A new report warns against the folly of over-investing in natural gas
By Thibault Worth
The nation’s power plants are aging. An increasing number require replacement parts; others can’t keep up with new environmental regulations.
A report released today [PDF] by the Boston-based think tank Ceres estimates that in the next two decades, up to $100 billion will be invested in the electric utility industry every year – twice the amount invested in recent years.
According to the report, that boom in investment will take place in a shifting regulatory environment. Air pollution and greenhouse gas restrictions will increase, and fossil fuel-burning power plants will have to keep up. Governments are setting requirements for energy from renewable sources. (California, for example, is targeting a 33% renewable energy ratio by 2020.) Smart grids and new consumer technologies are changing how people think about energy production and consumption.
The good news is that the industry is growing, and will have an unprecedented chance to clean up its act. The bad – or cautionary – news is that state regulators will face increasingly complex investment challenges and pressures to make short-term fixes when they need to be thinking long-term.
A prime example is the recent expansion of the natural gas-fired power plant fleet across the country.
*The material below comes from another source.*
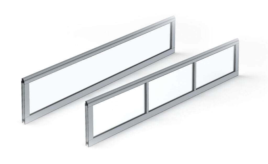 Beglazing is verkrijgbaar met verchroomde stalen (Inox) frames waarin dubbel veiligheidsglas 33.2 is geplaatst. Een tweede optie is enkele beglazing in een gegalvaniseerd stalen geschroefd frame. U kunt ook gelakte PVC kozijnen in verschillende kleuren gebruiken, voorzien van doorschijnende polycarbonaat platen.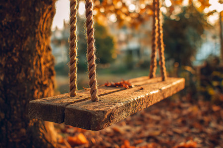 A tranquil scene of an empty wooden swing hanging amidst a forest bathed in the warm hues of autumn, with fallen leaves scattered on the ground.

Public utilities and private energy companies have been applying for permits to build natural gas power plants in record numbers, in part because of the current low cost of natural gas, in part because many regulators believe they are a solution to the inherent fluctuations in renewable energy sources such as wind and solar. But over-investment in natural gas would be a “folly” says Denise Furey, a co-author of the Ceres study.
“The problem with natural gas is that it is a commodity and subject to price fluctuations.”
If the price of natural gas goes up, so will electricity prices for consumers. And we’ll be stuck with a bunch of fossil fuel-burning plants that contribute to climate change.
The report’s authors say it is important that state regulators remain risk-aware, and diversify energy baskets over the long term.